Это зловещее, вихрем уносящееся в даль, пение сразу показалось мне знакомым. Не как звук, а как нечто, осязательным образом подтверждающее мои недавние, отвлеченные мысли, мое внутреннее убеждение. Все существо мое превратилось в слух, восприятие им мира удесятерилось, и я опять услышал громовый, потрясающий душу отсчет мгновений. Опять уносил меня чудовищный водопад, не давал мне возможности ухватиться за что-нибудь, остановиться, опомниться от ужаса, отдохнуть. Колокол твердил мне ту же самую истину, что и эти ночные капли, только бесконечно настойчивее, еще убедительнее, еще печальнее. Что-то равное каждому из этих умирающих криков уносилось из меня, отрывалось от души, заставляло меня дрожать.

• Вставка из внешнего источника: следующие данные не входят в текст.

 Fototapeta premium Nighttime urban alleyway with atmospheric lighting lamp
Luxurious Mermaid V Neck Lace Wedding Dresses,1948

Я мучительно съежился. Два беспощадных демона тяжелыми молотами ударяли -- один в медное тело колокола, другой -- в мою сдавленную грудь. Наконец, колокол замолчал. В его последнем крике мне послышалось такое отчаяние, столько живой боли, вся мука последнего, решительного удара, что я почти лишился чувств. Казалось бы, вся моя жизнь должна была вылиться из меня, как вода из опрокинутой чаши...

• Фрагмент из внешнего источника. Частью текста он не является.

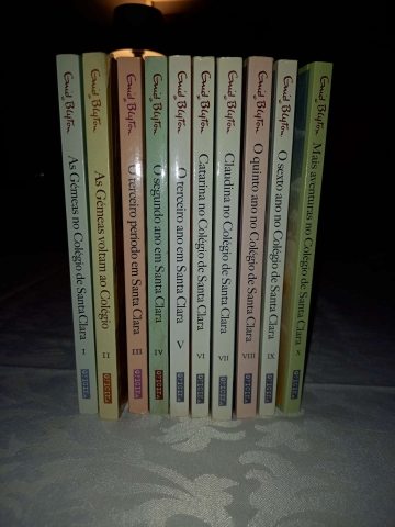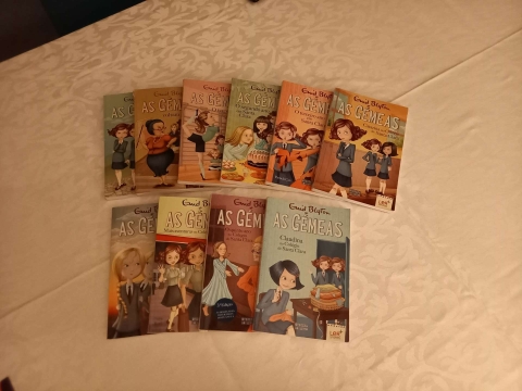 «Por alguns instantes, as duas raparigas foram invadidas por saudades da antiga escola e das velhas amigas. Não conheciam ninguém em Santa Clara; por isso, não podiam saudar as colegas, como sempre tinham feito no primeiro dia de aulas. Também não gostavam do ar de nenhuma das alunas: pareciam muito mais espalhafatosas do que as de Redroofs. Era tudo verdadeiramente horrível!» «Em Santa Clara, o nível de exigência era maior do que na maioria das escolas, e, apesar de as gémeas terem uma boa cabeça, não tardaram a perceber que estavam atrasadas em relação às colegas de turma - coisa que também as irritava bastante. Entraram no colégio convencidas de que iriam impressionar toda a gente - afinal, tinham imensas capacidades -, mas parecia que ali dentro não passavam de zés-ninguém».

С этой минуты все кончилось. Роковая черта была перейдена. Сознание мутилось. Отчаяние переходило в горячку.

До этой ночи и до этого дня я сознавал и чувствовал, что здесь, в тюрьме, моя жизнь только остановилась, что, несмотря на томительный уход моих дней, мое существо, благодаря своей живучести, сохранил всю свою целость, и я уйду из этого душного гроба тем же, чем вошел, -- с прежнею наличностью возможностей и сил. Впредь эти мечты были уже бесцельны. Я нашел бы в себе достаточно силы снести без ущерба ужасы самых бесчеловечных пыток, но вот налетело негаданное горе, пред которым человек беззащитен! О, проклятые капли! О, убийственная тишина непроглядной ночи!..

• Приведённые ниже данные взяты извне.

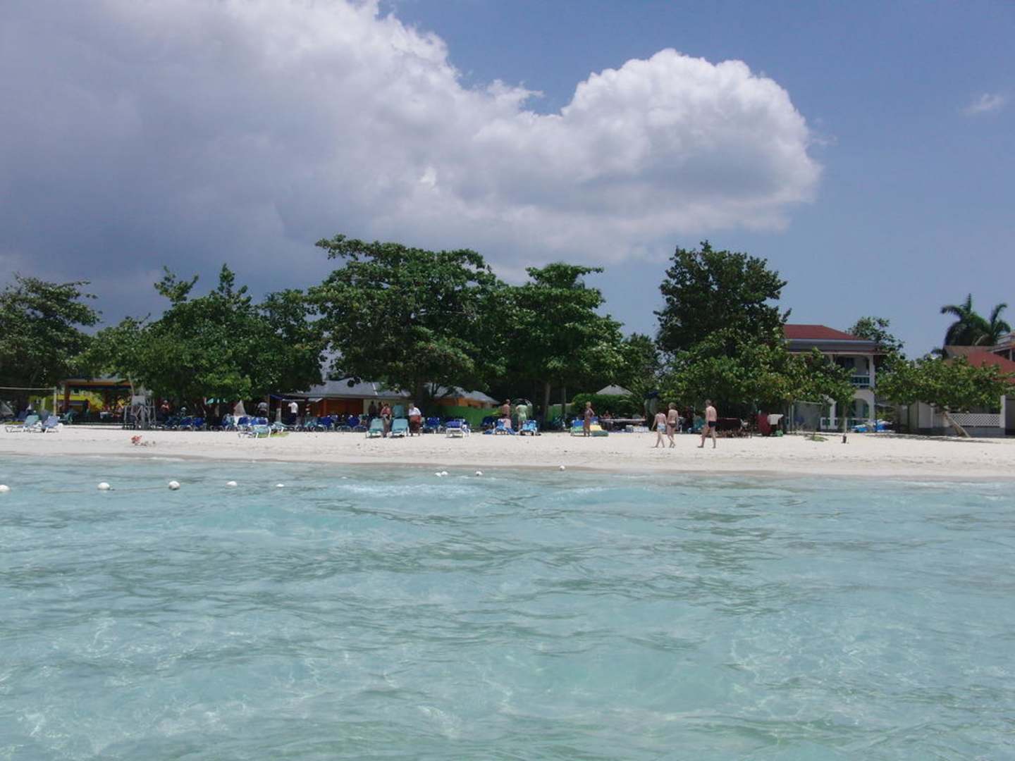 Hotelstrand vom Boot aus

Прошло еще много бесцельных дней, темных, томительных ночей; мне иногда удавалось отвлечься от своей идеи, но податливость душевному состоянию, вызванному падением капель в эту непоправимую ночь, вкоренялась все глубже и глубже. Порою за моим окном -- и дальше, за тюремной, оградой -- устанавливалась удивительная тишина. Не слыша ни малейшего звука, я не чувствовал ухода времени, течения жизни, и начинал отдыхать. Иногда тишина по несколько часов стояла кругом, нарушалась каким-нибудь отдельным, не повторяющимся, звуком -- и я готов был верить в воскресение в прежнюю жизнь. Но только эта вера начинала согревать и оживлять меня, как опять какой-нибудь звук раздавался в тишине, за ним другой, а там и третий, и все мое спокойствие кончалось. Опять все начинало сползать с своих устоев, сначала медленно, потом все быстрее -- сообразно с тем, как ужас усиливался в душе. Опять я уносился к какой-то глубине, подхваченный лавиной. То голубь заворкует на солнышке, где-нибудь по близости, то ночной ветер завизжит флюгером на тюремной трубе или затрещит сверчок в щели, -- и вспыхнет отчаяние и пойдет замирать сердце, все больнее и больнее с каждым днем. Угомонится одно -- и мучительно, цепенея от ожидания, ждешь чего-нибудь другого. И при каждом новом звуке, налетевшем после более или менее продолжительной тишины, ужасаешься и вздрагиваешь, как больной, который почувствовал неожиданные приступы унявшейся на время неизлечимой болезни.

Наступило время самой ужасной из пыток, какие когда-либо мучили человеческую душу, а средства облегчить ее не предвиделось. Чтобы ничего не слышать, я разжевывал куски своего хлеба и затыкал им уши. Плохая защита! Преследуемый все одним и тем же воспоминанием, все одною и той же мыслью, я заметил, что разрушительную работу звуков взяли теперь на себя мои собственные движения.